Closed branlwyd closed 5 months ago
Thinking about what this would look in terms of textual change to the spec: I think we would just change "The Leader SHOULD select a batch which has not yet began collection." from a SHOULD
to a MUST
.
We could optionally choose to provide an implementation advice that the Collector note the collection job ID to durable storage before sending a collection request to avoid data loss.
SGTM, please send a PR :)
In the fixed-size query type,
current-batch
collection requests allow the Leader to choose an outstanding batch to associate with the request.The current semantics are that the Leader can associate the same batch to multiple
current-batch
collection requests (DAP-07 4.1.2):The reason these semantics were chosen was to avoid data loss in the case that a Collector issued a collection request, then crashed before recording the collection job ID. Janus, for example, can associate the same batch to an arbitrary number of
current-batch
collection requests, until at least one of those collection requests is polled for the first time.===
However, since the above semantics were chosen, DAP changed such that the Collector now determines the collection job ID itself (as part of the changes for the resource-oriented API).
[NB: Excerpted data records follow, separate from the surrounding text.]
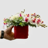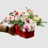 گل ارکیده مصنوعی همراه جعبه جوبی روکش دار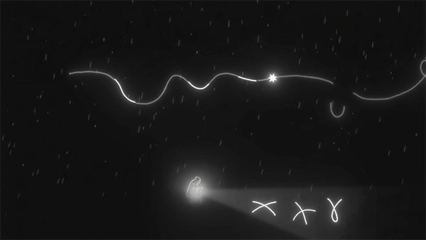2、点击提灯的人,灯光中会浮现出线条,使用这些灯光里的线条将上方的线条补全。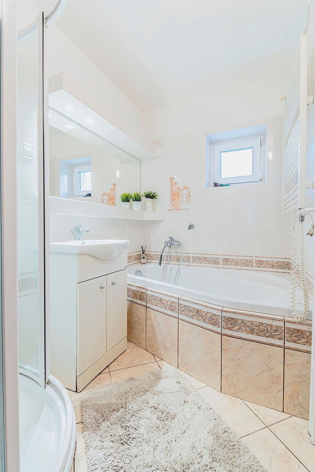Technické: okna plastová  trojskla, vytápění ústřední (ÚT) plynové  nový kondenzační kotel + kombinace s ÚT na tuhá paliva, pozemek oplocený. Budova je napojena na veškeré inženýrské sítě  tj. obecní vodovod + vlastní studna (oficiální a povolená), plynovod, el. 220/380V, obecní kanalizace, nechybí ani optický kabel pro rychlý internet. Střecha je plochá  krytina jsou asfaltové pásy (lepenka neboli "IPA"), v domě dvě komínová tělesa, stropy pod střechou a stropy nad sklepem jsou konstrukčně zateplené plynosilikátovou izolací, základy betonové, zdivo v suterénu betonové, stěny nadzemních podlaží jsou vyzděné z dobré poctivé pálené cihly, fasáda břizolitová.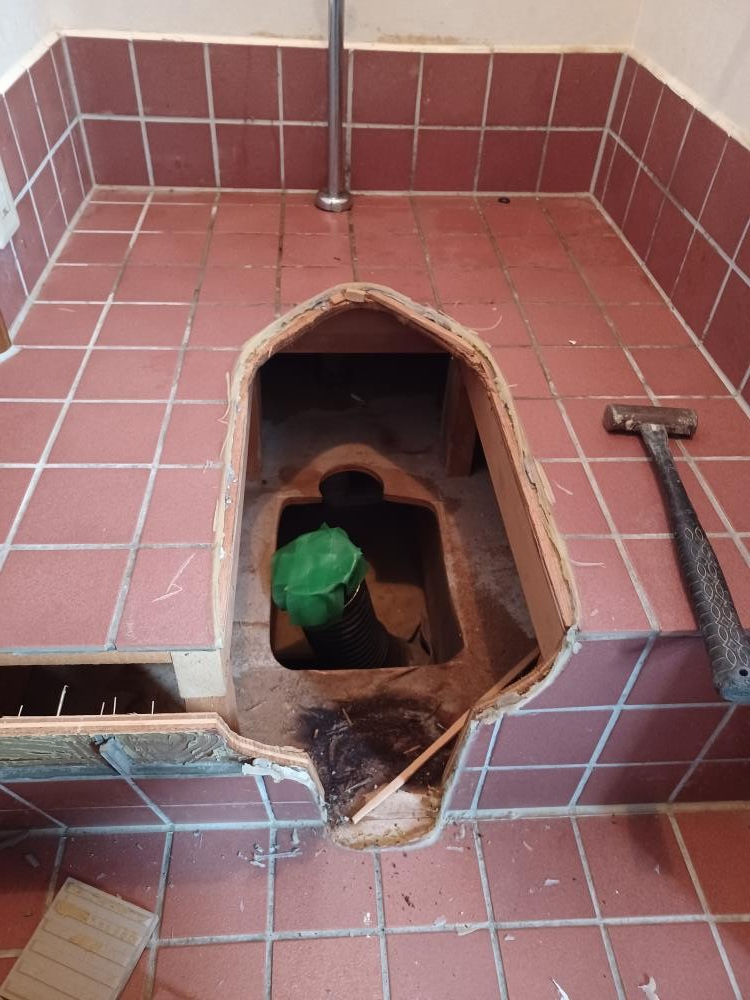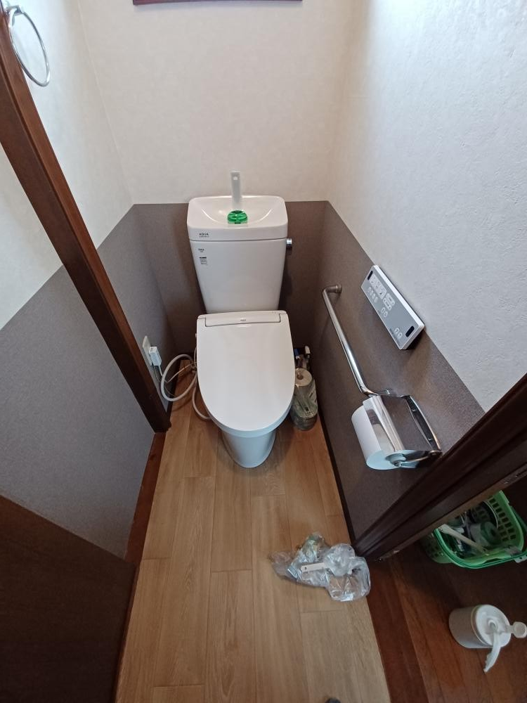 解体して給水管の移動、床や壁の大工仕事、内装して便器の取付やペーパーホルダー等の取付をして完了です。

This means that we could similarly avoid data loss if we expect the Collector to durably store the collection job ID before making the collection request for that ID, and lean on either idempotency or appropriate error codes to allow recovery in the face of process failure. This would allow aggregator implementations to associate each batch to exactly one
current-batch
request.The upside of making this change is that Collectors would no longer need to deduplicate
current-batch
requests that happen to be mapped to the same batch. Along with the simplified aggregator semantics, I think this is pretty likely to be an overall complexity win.